DATA RECORDS:
====================

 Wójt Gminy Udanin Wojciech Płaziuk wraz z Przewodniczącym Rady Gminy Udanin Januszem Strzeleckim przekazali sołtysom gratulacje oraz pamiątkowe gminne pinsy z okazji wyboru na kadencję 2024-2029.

====================

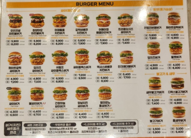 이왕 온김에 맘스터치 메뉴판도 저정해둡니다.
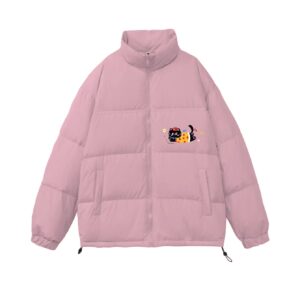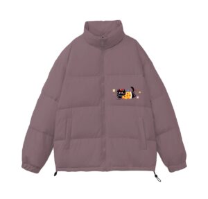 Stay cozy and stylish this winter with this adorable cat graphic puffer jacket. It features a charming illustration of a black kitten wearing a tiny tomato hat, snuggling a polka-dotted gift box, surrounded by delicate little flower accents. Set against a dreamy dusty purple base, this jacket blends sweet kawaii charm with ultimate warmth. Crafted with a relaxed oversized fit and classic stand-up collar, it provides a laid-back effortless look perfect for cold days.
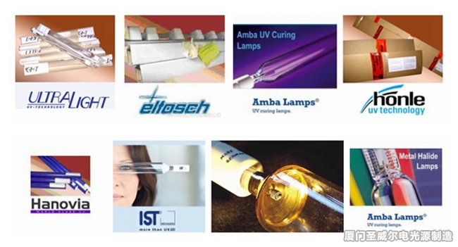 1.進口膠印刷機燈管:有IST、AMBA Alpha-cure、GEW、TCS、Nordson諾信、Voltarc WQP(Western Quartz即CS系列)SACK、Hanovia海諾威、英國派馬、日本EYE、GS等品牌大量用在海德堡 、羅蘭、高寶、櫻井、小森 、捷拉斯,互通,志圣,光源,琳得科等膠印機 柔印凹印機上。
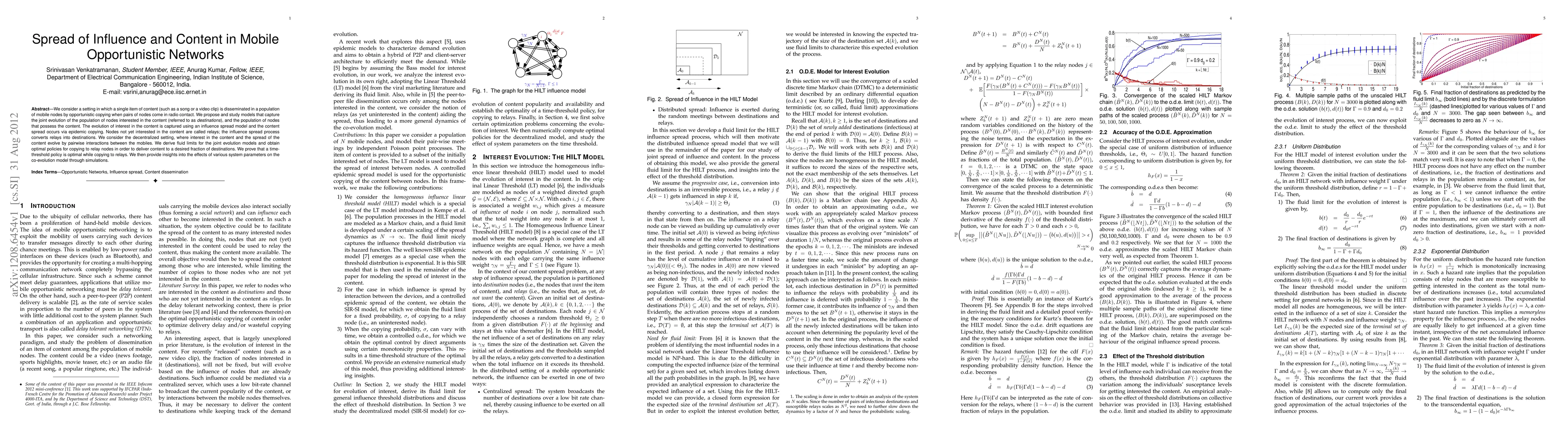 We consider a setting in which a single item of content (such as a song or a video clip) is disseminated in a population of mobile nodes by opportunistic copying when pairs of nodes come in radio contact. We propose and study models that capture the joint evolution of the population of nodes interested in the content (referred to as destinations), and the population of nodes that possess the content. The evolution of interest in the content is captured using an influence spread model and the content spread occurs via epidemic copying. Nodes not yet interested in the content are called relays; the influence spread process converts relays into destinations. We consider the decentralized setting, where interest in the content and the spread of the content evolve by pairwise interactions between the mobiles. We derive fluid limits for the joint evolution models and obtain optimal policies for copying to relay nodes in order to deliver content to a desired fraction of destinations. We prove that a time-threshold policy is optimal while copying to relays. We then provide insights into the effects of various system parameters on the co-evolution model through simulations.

====================

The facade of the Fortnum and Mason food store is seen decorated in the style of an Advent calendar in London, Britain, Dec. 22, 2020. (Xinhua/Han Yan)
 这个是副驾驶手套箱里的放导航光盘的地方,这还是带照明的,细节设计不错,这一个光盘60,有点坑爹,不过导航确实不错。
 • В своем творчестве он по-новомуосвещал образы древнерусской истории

====================

TASK DIRECTIONS: Nothing but the lines above from the one containing "The facade of" through the one containing "образы древнерусской истории" should appear in the answer, each repeated exactly.

ANSWER BOX:
The facade of the Fortnum and Mason food store is seen decorated in the style of an Advent calendar in London, Britain, Dec. 22, 2020. (Xinhua/Han Yan)
 这个是副驾驶手套箱里的放导航光盘的地方,这还是带照明的,细节设计不错,这一个光盘60,有点坑爹,不过导航确实不错。
 • В своем творчестве он по-новомуосвещал образы древнерусской истории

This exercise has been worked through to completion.